Re: Is there a UTF that allows ISO 8859-1 (latin-1)?

From: Kenneth Whistler (kenw@sybase.com)
Date: Tue Aug 25 1998 - 15:47:30 EDT


Gunther Schadow commented:

>
> (3) UTF-8 and UTF-7 are encodings for Unicode that are most useful for
> the majority of languages used in the continents of North-America,
> South-America, and Europe. All other languages will probably prefer to
> use the 16 bit Unicode integers directly.

This is not generally the case. The decision to use UTF-8 versus UTF-16
as the encoding form for Unicode-encoded data often has other criteria
than size of resultant text file. UTF-8 implementations are generally
driven by issues of compatibility with existing API's, file structure,
and the cost tradeoffs of software adaptation to process 16-bit strings
versus the processing inefficiencies of dealing with variable-width
characters.

>
> (4) UTF-8 and UTF-7 are based on the backward compatibility of Unicode
> to US-ASCII (1) but they neglect the backward compatibility of Unicode
> to ISO Latin-1.

UTF-7 is not backward compatible to US-ASCII, since it escapes some
ASCII characters that have particular uses.
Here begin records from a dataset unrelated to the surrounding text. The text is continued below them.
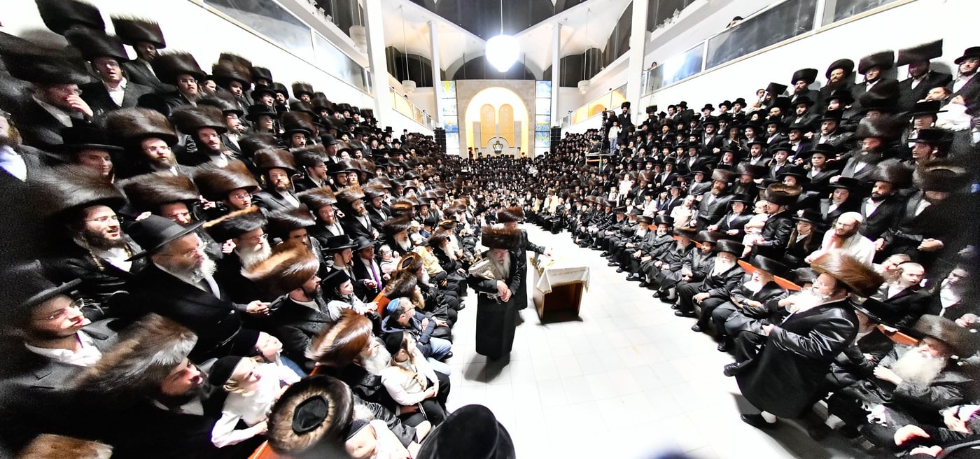 רבבות חסידי בעלזא זוכים מדי ערב להתבשם לאורו של האדמו"ר במעמדי אורה בעת הדלקת נרות החנוכה, בהיכל הגדול במרכז העולמי של החסידות בירושלים | כפי שהנהיג הרה"צ מבעלזא בשנים האחרונות, מקומות העמידה על הפארנצ'עס מיועדים לאלפי בחורי הישיבות | אמש, השתתף במעמד האדמו"ר מויז'ניץ ירושלים | צפו בתיעוד ענק מהימים הראשונים בצל הקודש (חסידים)
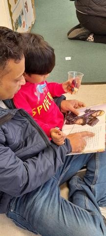 After Breakfast, the parents joined the children in class for some fun reading exercise. It was lovely to see books and stories being shared all around the school.
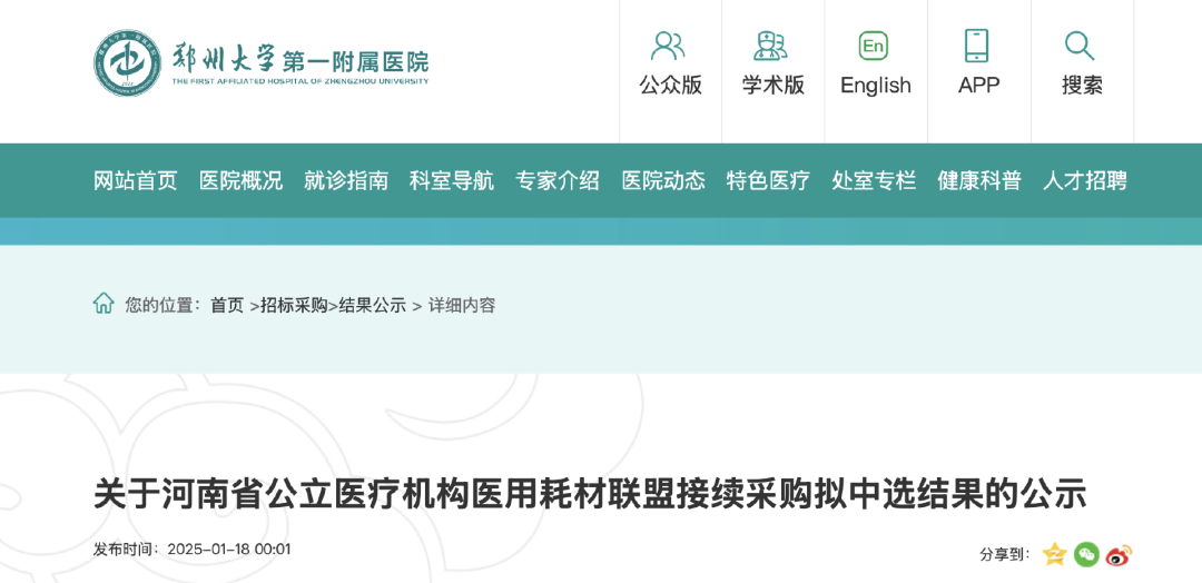 1月18日,河南省公立醫療機構醫用耗材采購聯盟辦公室公布《河南省公立醫療機構醫用耗材聯盟接續采購擬中選結果》,公示期間為2025年1月18日-2025年1月20日。
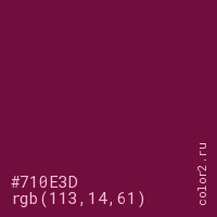 Цвет #710E3D в цветовой модели RGB обозначается тремя октетами (113, 14, 61) в десятичном формате и #710E3D в шестнадцатиричном (hex) формате, которые являются интенсивностью красного 113 (hex 71), интенсивность зелёного 14 (hex 0E) и интенсивность синего 61 (hex 3D).
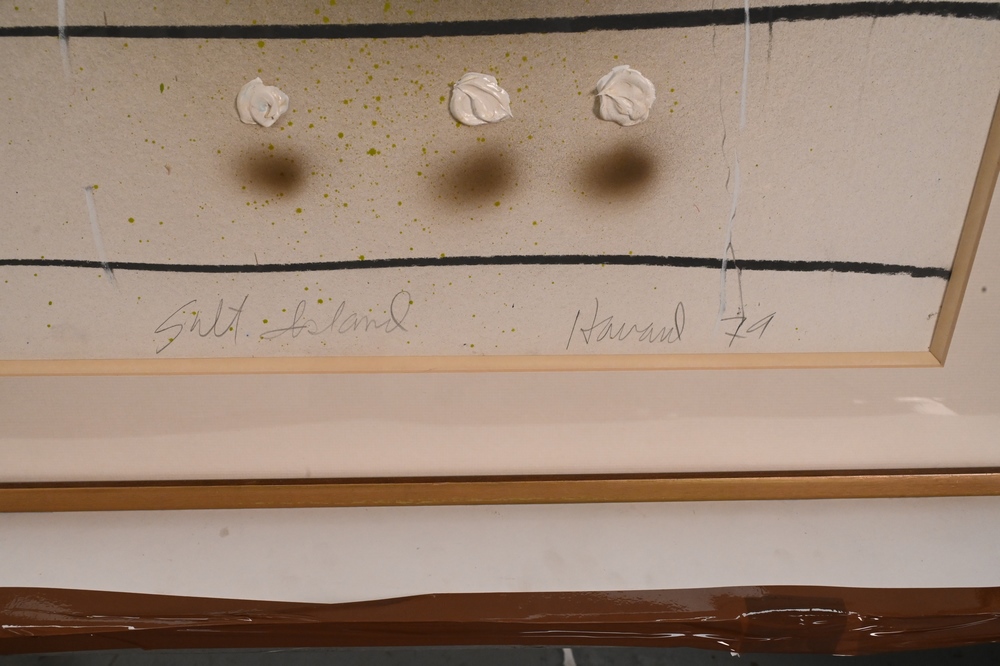 Lot 317: James Harvard (b.1937), Salt Island, 2/23/79, acrylic on paper, pencil signed and titled across bottom edge, 30″ x 20″. Provenance:…
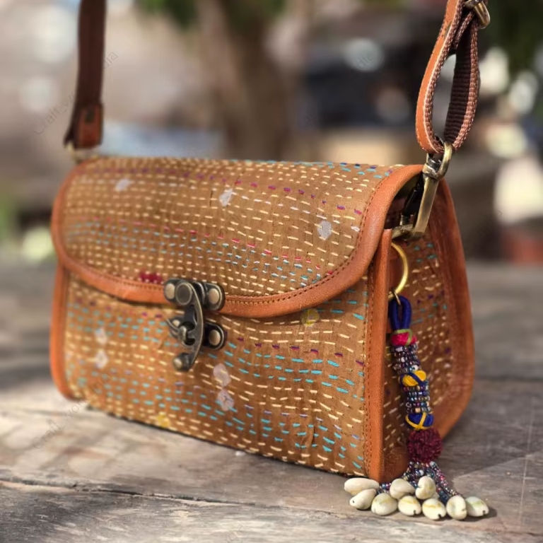 กระเป๋าโท้ทปักลายทำมือสไตล์อินเดีย กระเป๋าสะพายไหล่แบบปะติดลายชนเผ่า พร้อมขอบหนังสำหรับผู้หญิง
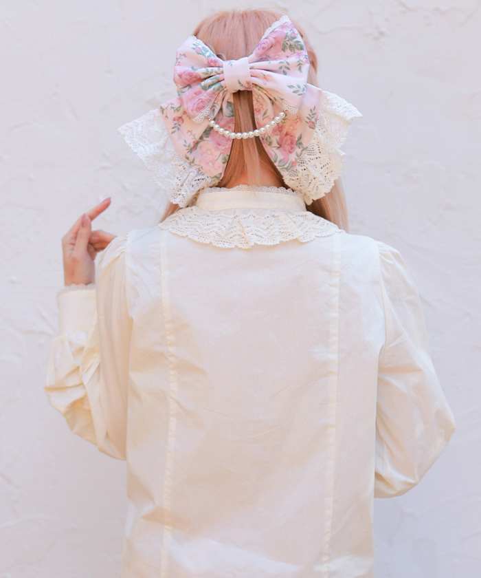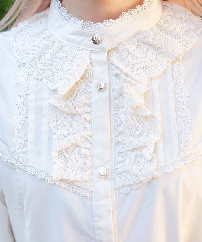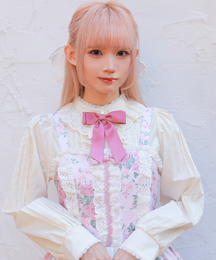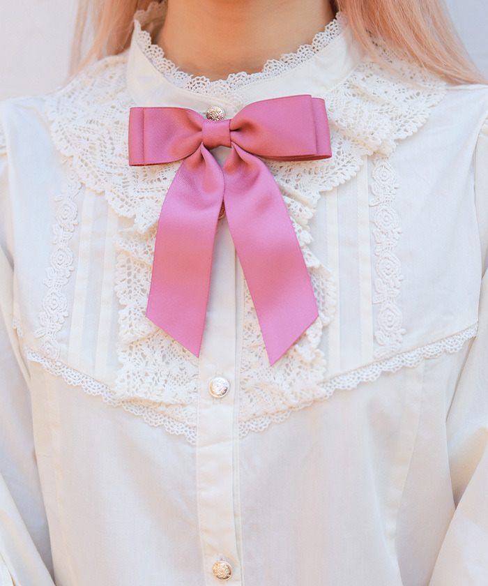 【設計】 立領搭配托ーション蕾絲、細緻打褶(Pin tuck)與霧面緞帶蝴蝶結點綴,呈現優雅的古典風格設計。
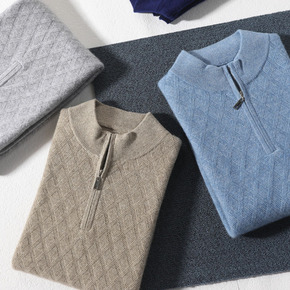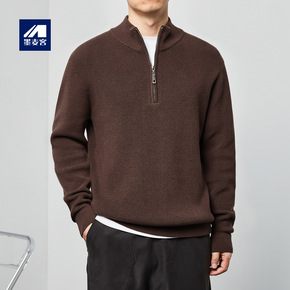 三岛男装羊毛衫男 中老年爸爸装拉链半高领长袖毛衣羊...
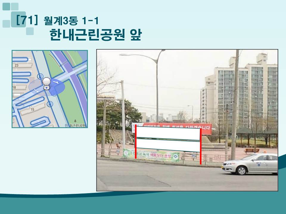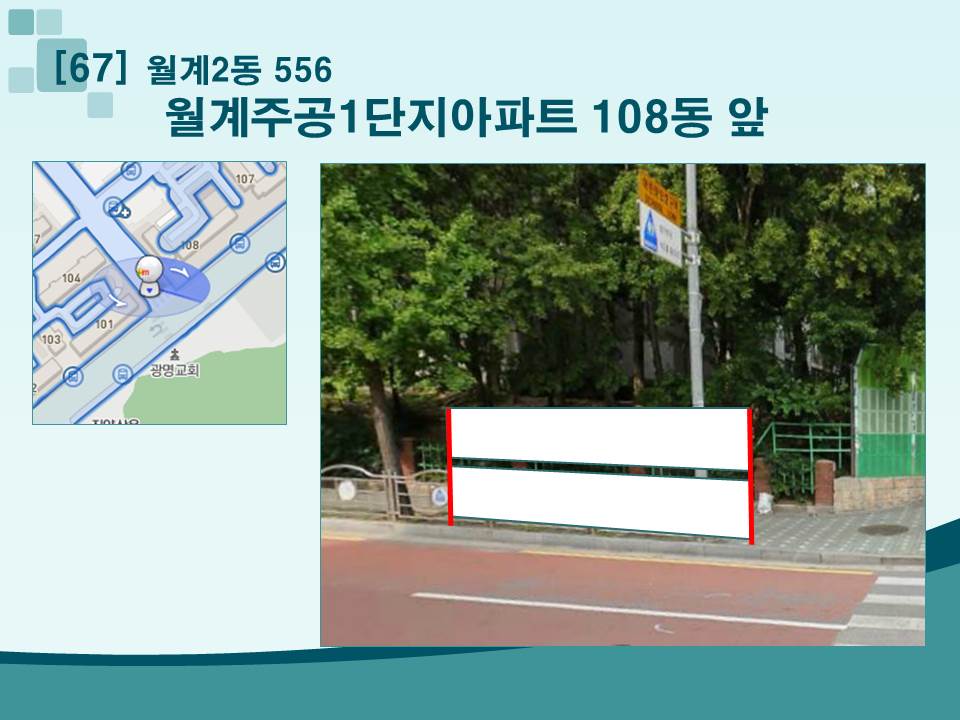 | 월계2동 | 월계-신1-1 | 성원교회 건너편 | 지도 | 현장 | 1단6.0x0.7 | 신청가능 | |
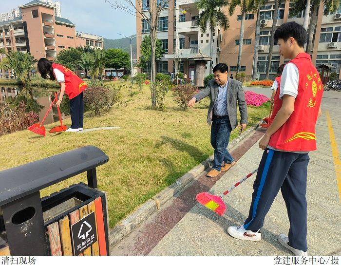 学院根据不同时间段分配志愿者开展清扫。志愿者们在振华楼2楼集合并领取清洁工具,有序前往指定地点对地面烟头、塑料垃圾、草坪树叶、卫生死角等进行了全覆盖清理,在大家共同努力下,学校环境得到了进一步改善。党总支书记梁星全对志愿者不怕苦、不怕累的精神表示肯定,并强调公区打扫是一项持续的任务,要以维护校园环境为己任,把创文工作当作常态化。
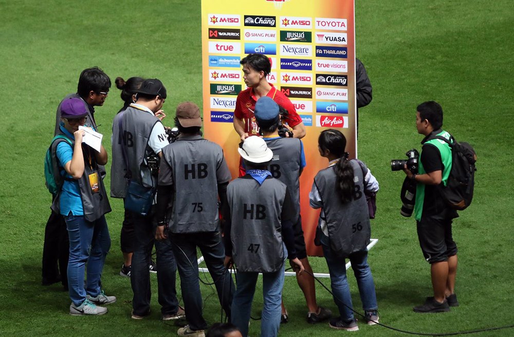 Công Phượng trả lời phỏng vấn sau trận. (Ảnh: Hoàng Tùng)

In fact, UTF-7 is deprecated
for general use--the need for it has been largely eliminated by fixes
to the email protocols. So this discussion should focus on UTF-8.

...
> But I ask you to think why an
> Anglo-Americanocentric UTF is good while a UTF for all scripts based
> on Latin is so bad and politically incorrect to call for (BTW:
> wouldn't vietnamese be supported by ISO Latin-1 as well?). ...

No, it wouldn't, as John Cowan has already pointed out.

>
> But may I please ask you (especially the US-residents among the
> fighters for political correctness) at least not to interfere with a
> call for a UTF that is as compatible as Unicode is by itself? I think
> that the issue with UTF-7 and UTF-8 is more about broadening the
> narrow Anglo-American view on the world than to narrow the beautiful
> global view of Unicode towards an Euro-centrism.
>

I don't count myself as a "fighter for political correctness" here.
Basically, UTF-8 works for what it is supposed to do: pass Unicode
data through byte-oriented character protocols. The technical arguments
against adding an "adaptive UTF-8" were well-presented by Kevin.
Adding any other "slice-the-bits-differently-to-preserve-Latin-1-UTF"
might be able to side-step some of the technical arguments, but still
would run up against the practical fact that UTF-8 is actually being
implemented fairly widely now, but a new UTF would have a hard row
to hoe to gain enough implementation adherence to actually be of
any use for interoperability.

Implementers of UTF-8 are not, in my opinion, caught in a "narrow
Anglo-American view on the world" because they are working with
an encoding form that treats 0x00..0x7F differently from 0x80..0xFF.